No hay día en que no se ponga el sol

Una mujer se enfunda unas mallas deportivas, se ata las zapatillas y sube a correr por el mirador Vista Chinesa, en el parque de la Tijuca, en Río. Son las primeras horas de la tarde. Preferiría haberlo hecho por la mañana, pero conoce bien el camino y no teme a nada en un Río reluciente que se prepara para el Mundial de Fútbol y los Juegos Olímpicos. A plena luz del día la mujer es violada, el hombre que ejecuta la agresión le ha apuntado en la sien con una pistola y la ha obligado a adentrarse en el bosque. La mujer sale de la maleza unos minutos más tarde. Magullada, con la ropa rota, ensangrentada y descalza, siente que el asfalto es un lugar blando y estable. Un único pensamiento la persigue: está viva.

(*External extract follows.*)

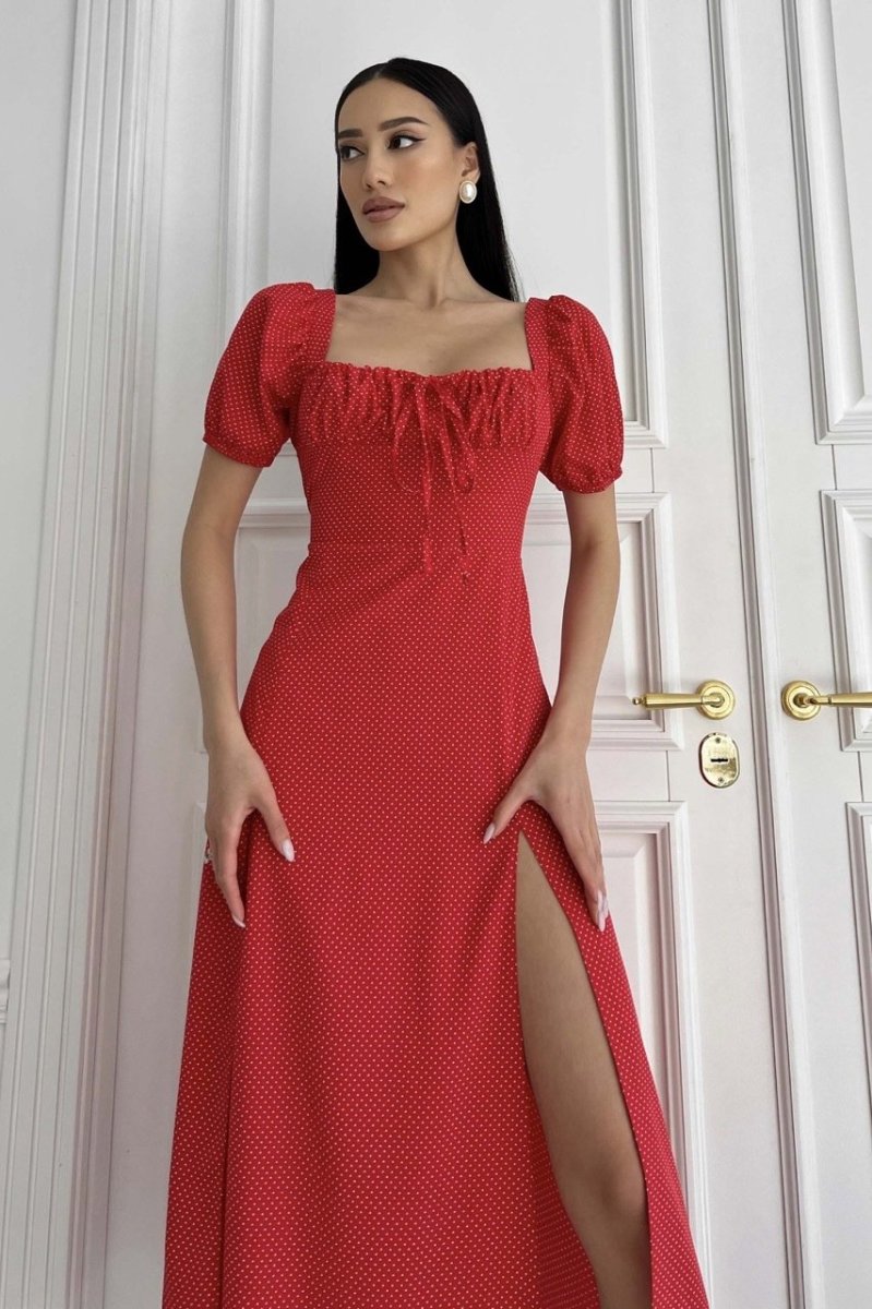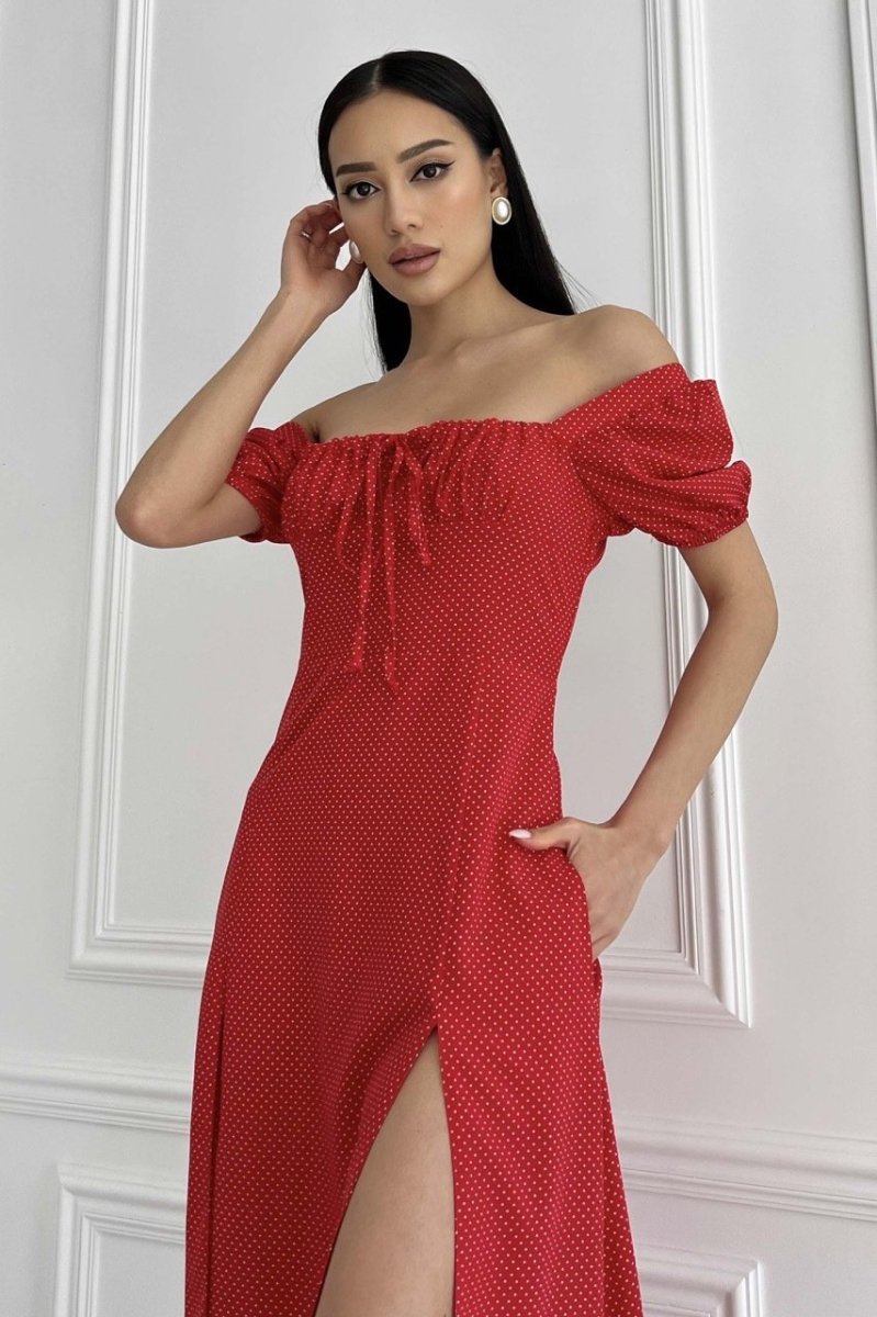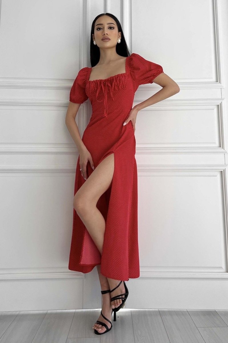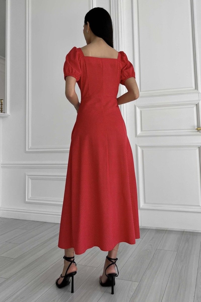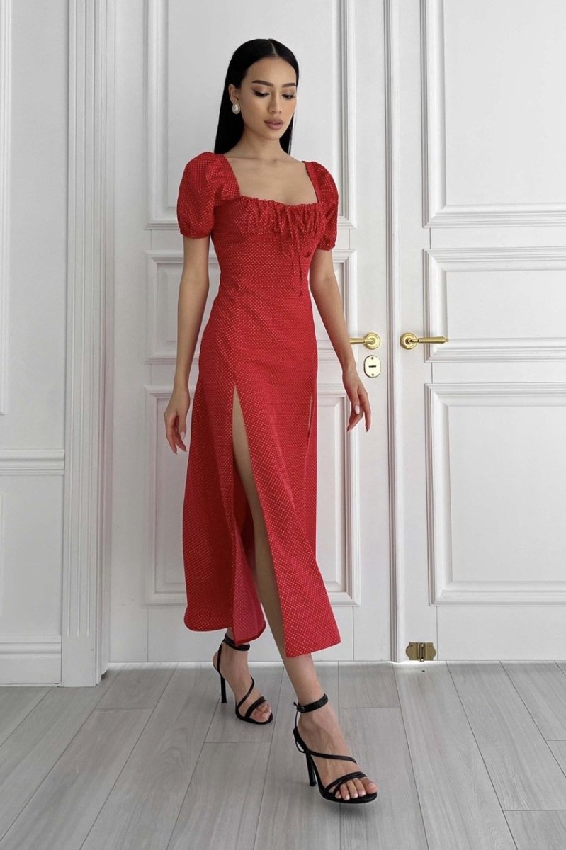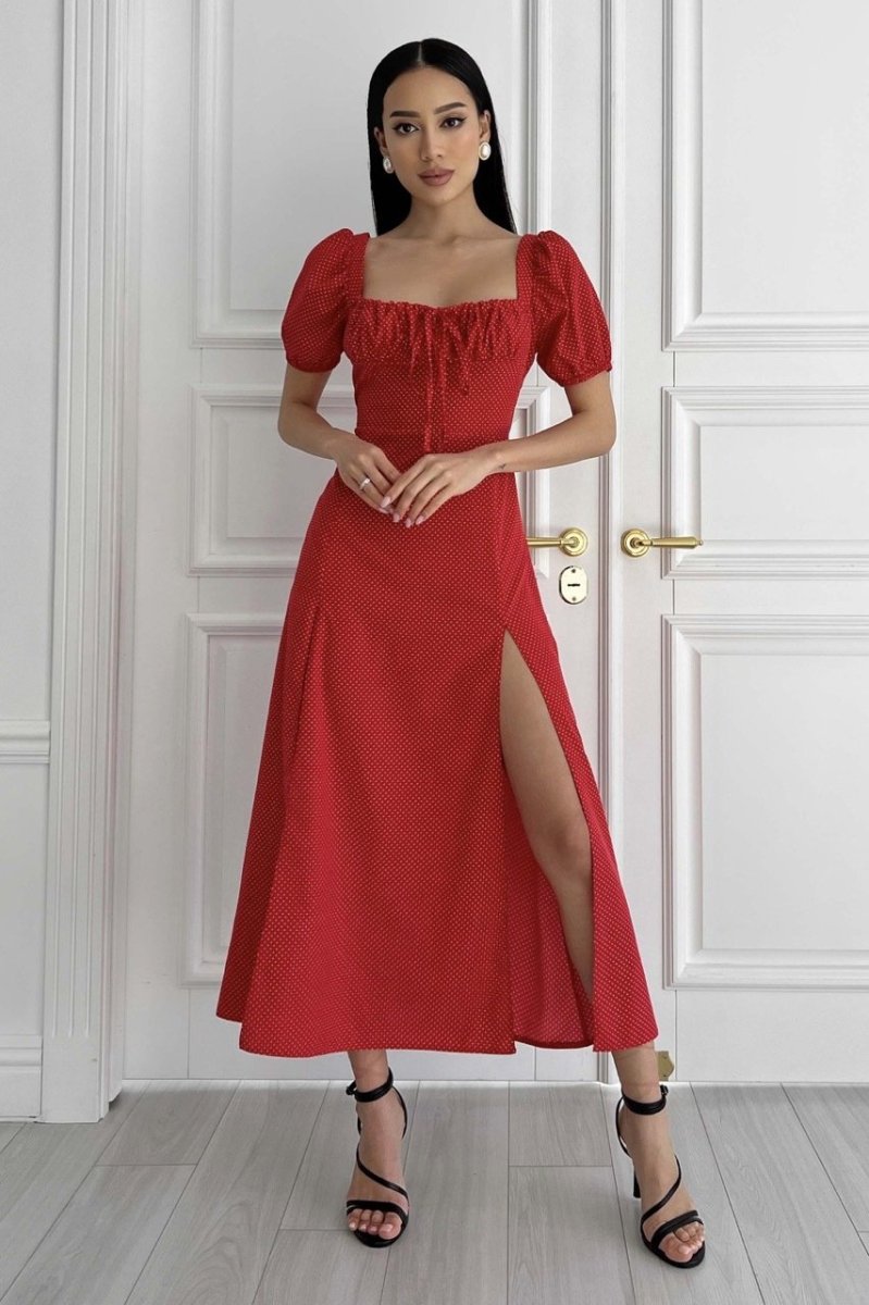 Летнее платье-миди романтического кроя. Выполнена из принтованной ткани (горошок), струящейся. Модель украшает фигурный вырез и драпировку по лифу, что подчеркивает зону декольте. Короткий рукав-фонарик с эластичной манжетой. Длинная юбка а-силуэта подчеркивает линию талии. На юбке предусмотрено два разреза.

Una mujer transita sola un lugar que cree conocer, pero al empezar a leer, muchos de nosotros sabemos de antemano que va a suceder algo terrible. Es curioso, porque en un 80% este tipo de violencias se dan en lugares que la víctima considera espacios seguros. La víctima suele conocer a su agresor: el amigo del padre, el médico, el profesor, el novio, el propio abuelo. En un 90%, las violaciones se llevan a cabo sin emplear violencia extrema. El lugar suele ser un sofá mullido, una cama, una mesa de despacho conocida al dedillo, pocas veces es el suelo frío y duro de un bosque.

Se nos vendió al violador como un monstruo, como alguien bruto, incivilizado, temeroso, extraño a su víctima. La brasileña Tatiana Salem Levy narra en Vista Chinesa (Libros del Asteroide, 2022) la agresión contra la que durante años se nos ha alertado y para la que tampoco disponemos de herramientas para defendernos, aunque llevemos una botellita de gas pimienta en el bolso.

Es interesante el foco que pone la autora sobre un cuerpo corrompido que antes del terrible suceso tuvo la intención de gestar. Lo muestra como ajeno a quien lo posee y a la vez muy cercano, como un soporte cálido que, a pesar de seguir realizando todas sus funciones a la perfección, rechaza a su propietaria. Un cuerpo que a ojos del mundo es uno más, pero que quien lo habita siente como el estandarte de la mayor vergüenza. La víctima se responsabiliza de nuevo de la acción de quien abusa, una experiencia angustiosa que Salem Levy retrata a la perfección. La culpa ajena se introduce en la víctima como se introdujo la polla del bruto en su cuerpo: a la fuerza, y esta es incapaz de deshacerse del hedor que miembro, manos y aliento ajeno han amasado en su cabeza hasta convertirse en una gran garrapata. El ácaro se aferra a la carne con las uñas y crece a gran velocidad en el interior de un cuerpo que seguramente será revictimizado.

La mujer que se enfundó las mallas, subió a correr a Vista Chinesa, y salió del bosque hecha un despojo después de haber sido violada, que llegó a su casa, se lavó, vomitó al relatar los hechos y siguió con su vida, se sienta en el escritorio dispuesta a contar a sus hijos lo sucedido. Su pareja se lo echa en cara, deja de remover el pasado, le dice, y ella es incapaz de explicarle que esa porción de tiempo en la que chupó una polla a punta de pistola mientras pensaba que iba a morir está irremediablemente unida a ella. La mujer carga con ella. Ella también es eso, y es injusto, pero no puede ignorarse. La mujer de las mallas se llama Júlia. La historia que narra Tatiana Salem Levy es la experiencia de una de sus mejores amigas.

El agresor de Júlia es bajo y fuerte, y no solo la penetra, también la golpea con los puños. El de Lorena hace reír a los niños. El agresor de Lola saluda siempre a los vecinos. El de Helena es amable con sus padres y les asegura que su hija es una artista prometedora. El agresor de Ana escribe canciones de amor y cientos de hombres y mujeres las corean en sus conciertos. El de Laura pinta atardeceres.

No hay día en que no se ponga el sol.